Abstract
Background & rationale Poor adherence to medication is a common problem in
handling patients with chronic disease. Induction of patient adherence to a long-term
regimen requires impressive information about the regimen being given and the importance for the patient of following strictly the treatment, together with the full support of
their families.
Objectives To evaluate the adherence to medication and clinical outcomes in hypertensive patients with or without diabetes mellitus.
Methodology A retrospective study of hypertensive patients was conducted by reviewing outpatient medical records from June 2006 to June 2007 at Nangrong Hospital.
Two groups of subjects included men and women aged over 18 years old: the group of
primary hypertensive patients had blood pressure above 140/90mmHg and the group of
hypertensive patients with diabetes mellitus had blood pressure above 130/80 mmHg.
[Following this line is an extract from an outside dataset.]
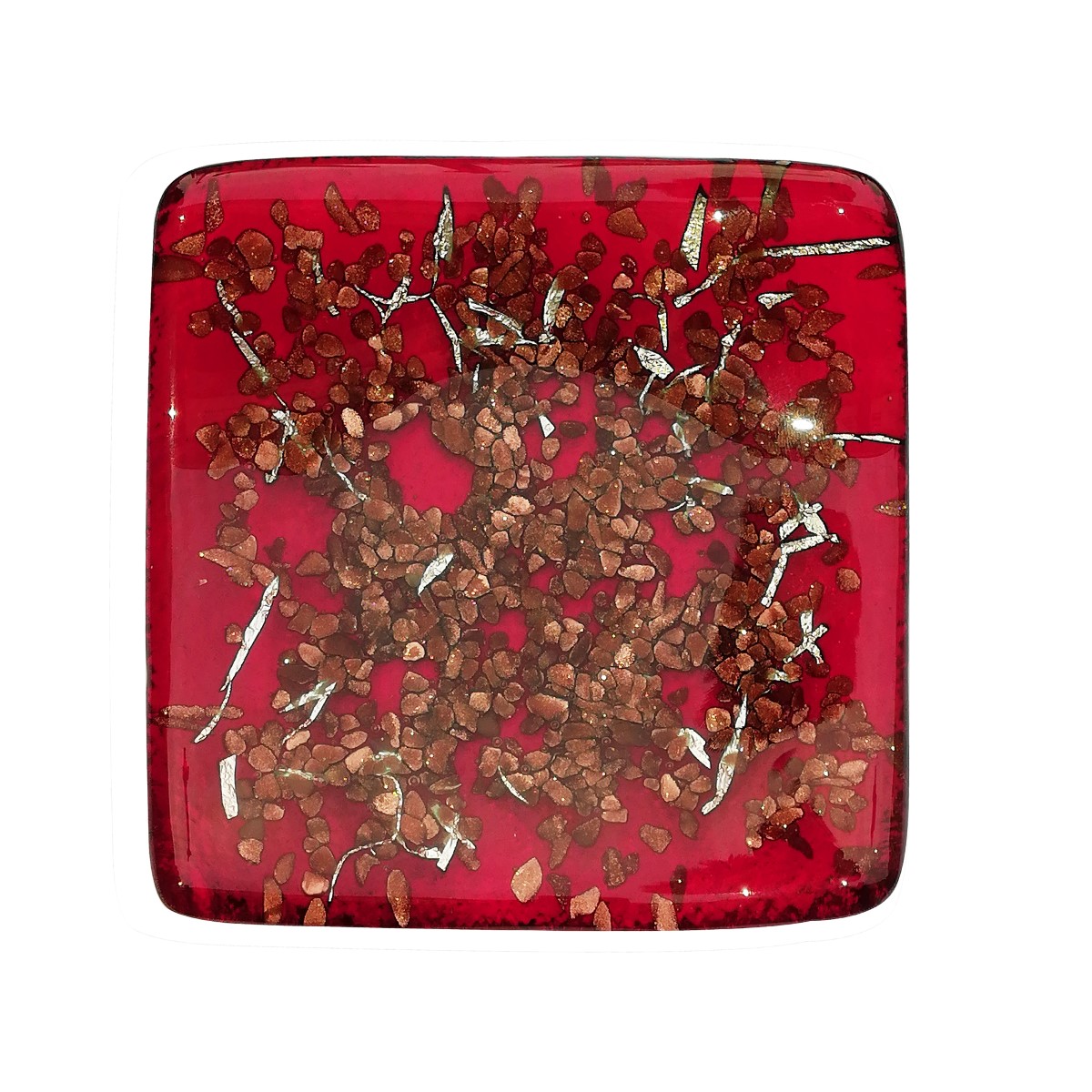 Piatto colorato realizzato a mano con la tecnica della vetrofusione in vetro di Murano originale con decori avventurina ed argento, disponibile in tre colori: rosso, ambra, blu. Simpatico centrotavola per decorare la casa, la cucina, il soggiorno, l'ufficio, un tavolo, prezioso per contenere caramelle, o qualsiasi piccolo oggetto che si ha in tasca vicino all'ingresso di casa, come chiavi dell'auto o altro.
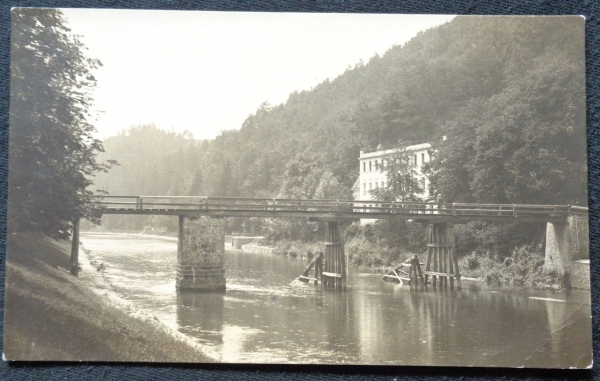 fotopohlednice, pohled přes řeku, most, prošlá, Q2

Patients with other causes of hypertension, or blood pressure over 200/120 mmHg, or
who had serious complicating illnesses, such as terminal stage of cancer, chronic renal
failure, chronic liver disease, congestive heart failure, stroke, and uncontrolled angina,
were not included.
Results Among the total of 54 patients, the hypertensive patient group (n=30)
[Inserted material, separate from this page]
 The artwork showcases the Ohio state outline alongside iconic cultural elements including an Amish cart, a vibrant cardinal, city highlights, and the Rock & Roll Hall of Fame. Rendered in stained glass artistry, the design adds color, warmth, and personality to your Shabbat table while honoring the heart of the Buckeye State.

had higher blood pressure than the group with hypertension and diabetes (n=24). The
average ages of patients in the hypertensive group and the group with hypertension and
diabetes group were 60.56±8.97 years and 57.75±7.87 years, respectively. The risk factors,
i.e., cigarette smoking and alcohol consumption, showed no difference in the two groups.
The study disclosed that the major factors for poor adherence were the complexity of
treatment (66.66%, 83.33%) and a poor provider-patient relationship (66.66%, 75%); the
major factors for improving adherence were emphasized value of the regimen (93.33%,
95.83%) and family support (93.33%, 96.66%). Impediments to successful adherence to
medication in individual cases, namely taking drugs at the wrong time (36.66%, 37.50%)
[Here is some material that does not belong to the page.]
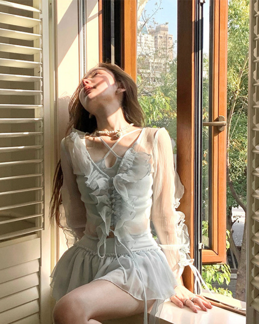 Clear Ruffle Mesh Top Long Sleeve
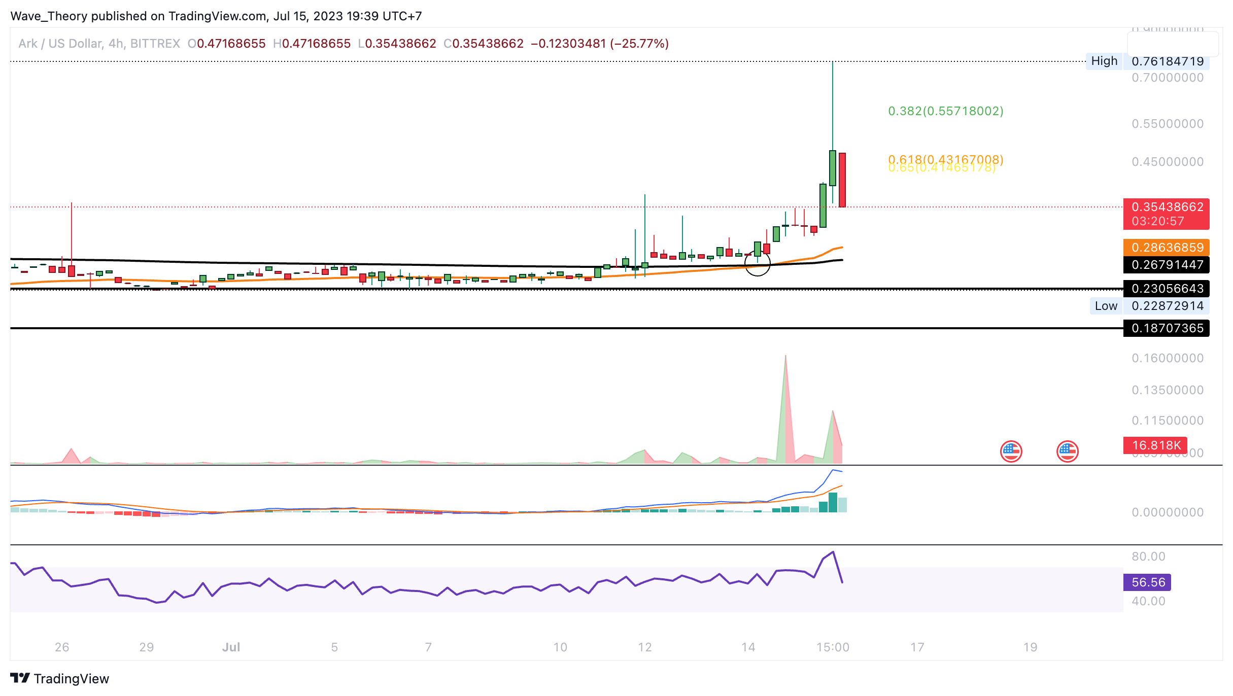Der ARK Kurs hat im Zuge der Korrekturbewegungen die nächsten Fib Unterstützungen bei rund 0,557 USD respektive 0,43 USD bereits bärisch durchbrochen. Damit wartet erst wieder zwischen rund 0,187 USD und 0,23 USD signifikante Unterstützung auf den ARK Coin.

and taking extra doses to make up for missed doses (20.00%, 20.83%), showed no difference in the two groups.
Conclusions Poor adherence to a medication regimen is common, contributing to
substantial worsening of disease, death, and increased health-care costs. Improving adherence requires emphasizing to the patients the value of the regimen, making the regimen simple, medication-taking behavior and family support.